Optimization problem - minimizing a function in R

I want to minimize a function but can not get ahead.

Problem setting:

mtcars$gender <- c(rep(1, 10), rep(0, 4), rep(1, 6), rep(0 , 12))

predictions <- data.frame(
  c(0.05,   0.03,   0.99,   0.07,   0.00,   0.10,   0.00,   0.84,   0.92,   0.01,   0.03,   0.00,   0.00,   0.00,   0.00,   0.00,   0.00,   1.00,   1.00,   1.00,   0.97,   0.00,   0.00,   0.00,   0.00,   1.00,   0.86,   0.84,   0.01,   0.08,   0.00,   0.86),
  c(0.95,   0.97,   0.01,   0.80,   0.07,   0.82,   0.00,   0.14,   0.08,   0.95,   0.94,   0.03,   0.03,   0.03,   0.00,   0.00,   0.00,   0.00,   0.00,   0.00,   0.03,   0.02,   0.07,   0.02,   0.01,   0.00,   0.12,   0.16,   0.10,   0.79,   0.05,   0.13),
  c(0.00,   0.00,   0.00,   0.13,   0.93,   0.08,   1.00,   0.02,   0.00,   0.04,   0.03,   0.97,   0.97,   0.97,   1.00,   1.00,   1.00,   0.00,   0.00,   0.00,   0.00,   0.98,   0.93,   0.98,   0.99,   0.00,   0.02,   0.00,   0.89,   0.13,   0.95,   0.01))
colnames(predictions) <- c(4, 6, 8)


actual.probs <- apply(predictions, 1, which.max) 
actual.probs <- as.data.frame.matrix(prop.table(table(mtcars$gender, actual.probs)))
real.probs <- data.frame(matrix(c(0.1, 0.1, 0.2, 0.2, 0.2, 0.2), nrow = 2, ncol = 3))

I used a prediction algorithm which gives me probabilites to a car to have 4,6 or 8 cyl. The result is stored in "predictions". However the distribution (actual.probs) differs from the distribution seen in reality (real.probs). To adjust that, i want to multiply the probalities by a weight, get the one with the highest probability and recalculate the table. The result I want is the weights i need to get the smallest deviation from the real distribution.

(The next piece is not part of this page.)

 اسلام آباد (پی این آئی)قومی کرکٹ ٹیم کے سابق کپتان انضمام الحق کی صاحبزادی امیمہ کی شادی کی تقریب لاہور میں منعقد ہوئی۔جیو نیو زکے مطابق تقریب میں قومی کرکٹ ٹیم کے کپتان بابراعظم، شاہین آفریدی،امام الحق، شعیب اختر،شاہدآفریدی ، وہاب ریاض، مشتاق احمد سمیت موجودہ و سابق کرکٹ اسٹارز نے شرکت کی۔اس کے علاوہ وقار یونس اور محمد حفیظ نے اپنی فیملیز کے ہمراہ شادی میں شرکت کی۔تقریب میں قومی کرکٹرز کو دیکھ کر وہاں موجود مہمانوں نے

optimresult <- predictions 

fn <- function(v) {
  weight1 <- v[1]
  weight2 <- v[2]
  weight3 <- v[3]

  optimresult[,1] <- optimresult[,1] * weight1
  optimresult[,2] <- optimresult[,2] * weight2
  optimresult[,3] <- optimresult[,3] * weight3

  result <- apply(optimresult, 1, which.max) # get highest probablity

  actualprobs <- prop.table(table(mtcars[["gender"]], result))
  return <- sum(abs(real.probs - actualprobs))
}

optim(c(1, 1, 1), fn)

Startvalues are all one, however the function seems not to work. What am I doing wrong?

Solution

The problem is that small changes to the parameter values in optim() do not change the result meaning that the algorithm thinks it has converged before it actually has.

Using method SANN gives a better result. I am not sure whether it is the best result you can get with that sample dataset.

I also made some simplifications to your function.

fn <- function(v) {

  weighted_preds = predictions * v

  result = apply(weighted_preds, 1, which.max) # get highest probablity

  actualprobs = prop.table(table(mtcars[["gender"]], result))

  sum(abs(real.probs - actualprobs))
}

optim(c(100, 1, 1), fn, method="SANN")

Try different starting values to see if you can get an improvement. Increasing the number of predictions will also help.